A puffin crossing (its name derived from the phrase "pedestrian user-friendly intelligent") is a type of pedestrian crossing in use in the United Kingdom.

The design is distinct from the older pelican crossing in that the lights signalling to the pedestrians are on the same side of the road as the pedestrian, rather than across the road. From 2016, pelican crossings began to be phased out in the United Kingdom, to be replaced with puffin crossings.

They have two sensors on top of the traffic lights (pedestrian crossing detector; PCD, and pedestrian kerb detector; PKD). These sensors detect if pedestrians are crossing slowly and can hold the red traffic light longer if needed.
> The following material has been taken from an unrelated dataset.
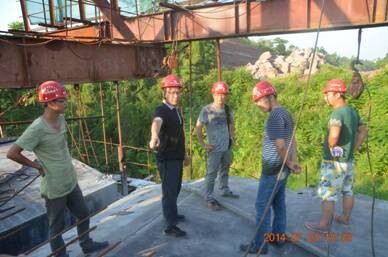 下午四點(diǎn),蔡董不顧高溫炎熱,一下車就深入施工現(xiàn)場。在項(xiàng)目經(jīng)理詹文等人的陪同下,以路基一隊(duì)為起點(diǎn),沿線檢查了路基一隊(duì)、米湯溝大橋、路基二隊(duì)、余家溝大橋、預(yù)制場、彭家溝大橋、嘉陵江特大橋。在施工現(xiàn)場,蔡董認(rèn)真察看工程質(zhì)量,仔細(xì)詢問施工進(jìn)度及影響施工進(jìn)度的主要因素。在聽取了項(xiàng)目經(jīng)理詹文詳盡匯報(bào)后,蔡董對項(xiàng)目部不等不靠、千方百計(jì)推進(jìn)項(xiàng)目施工進(jìn)度表示滿意,同時(shí)對項(xiàng)目部取得的成績給予肯定,并提出幾點(diǎn)要求:一是路基一隊(duì)的路基要預(yù)留填筑30cm,并在交路前填筑;二是米湯溝大橋要加快7#墩進(jìn)度,把控好工期,同時(shí),要加強(qiáng)對高墩施工的安全管控,在確保安全的前提下加快進(jìn)度;三是嘉陵江特大橋懸臂塊件要嚴(yán)把質(zhì)量安全關(guān),將施工質(zhì)量與安全生產(chǎn)放在首位;四是將嘉陵江特大橋索橋的荷載試驗(yàn)由均布荷載改成集中荷載;五是要加快嘉陵江特大橋17#墩進(jìn)度,積極推進(jìn)每月目標(biāo)進(jìn)度,抓組織,抓質(zhì)量,抓節(jié)點(diǎn)控制,全力確保節(jié)點(diǎn)目標(biāo)順利實(shí)現(xiàn);六是要做好防暑降溫工作,適當(dāng)調(diào)整作息時(shí)間,避開高溫時(shí)段施工,確保勞動(dòng)安全,安全度夏。

Should a pedestrian walk off after pressing the button, the PKD will cancel the request, making the lights more efficient.

==Function==
Unlike the older pelican crossing designs, where the pedestrian signal lights are mounted on the opposite side of the road, the puffin crossing mounts them at the near road side, set diagonally to the road edge. This allows the pedestrian to monitor passing traffic while waiting for the signal to cross. A second reason for the design is that having the lights closer to the user assists visually impaired people who could have difficulty viewing the signal from across the carriageway.

Some push-button units (the lower box in the image) are also fitted with a tactile knob under the unit which rotates when the user may cross. This feature is to assist visually impaired people who struggle to see the light change.

After a request to cross (by button press), a kerb-side detector monitors the pedestrian's presence at the crossing. Should the pedestrian cross prematurely, walk away from the crossing, or wait outside the detection area, their request to cross could be automatically cancelled, lest traffic be halted unnecessarily. An on-crossing detector ensures that the signal for vehicles remains red until pedestrians have finished crossing (within practical limits). Unlike the pelican crossing, there is no transitional "flashing" phase.

The pedestrian phase will start at the moment all three of these conditions are fulfilled:
- the pedestrian push button has been pressed since the end of the last pedestrian phase
- the "Maximum Traffic Green Timer" has expired
- the detectors indicate that a pedestrian is still waiting to cross

The "Maximum Traffic Green Timer" is started either when the pedestrian push button is pressed or when the traffic signals first turn green after the previous pedestrian phase. The latter arrangement is termed the "pre-timed Maximum Facility".

===Concerns===
Concerns have been expressed that puffin crossings may be less safe than pelican crossings due to the nearside indicator not being visible while crossing, and being at a different focal length, reducing traffic awareness. The indicator box itself also blocks the view of the road completely for shorter pedestrians due to being installed at head height. However, a 2005 study commissioned by the DfT found that Puffins were safer than Pelican crossings with fewer pedestrian accidents and fewer involving cars. The executive director for the Parliamentary Advisory Council for Transport Safety said that using too many different kinds of crossings in a particular area can lead to confusion among pedestrians.

In 2014, Transport for London announced that they would stop installing puffins, saying that "Pedestrians have previously indicated to us that they dislike the uncertainty of not knowing whether the 'green man' is still lit once they have started crossing, which happens with nearside signals." Birmingham City Council also said that year that they would not be installing low level indicators at busy city centre crossings, expressing concern that the pedestrian indicator could be obscured by crowds.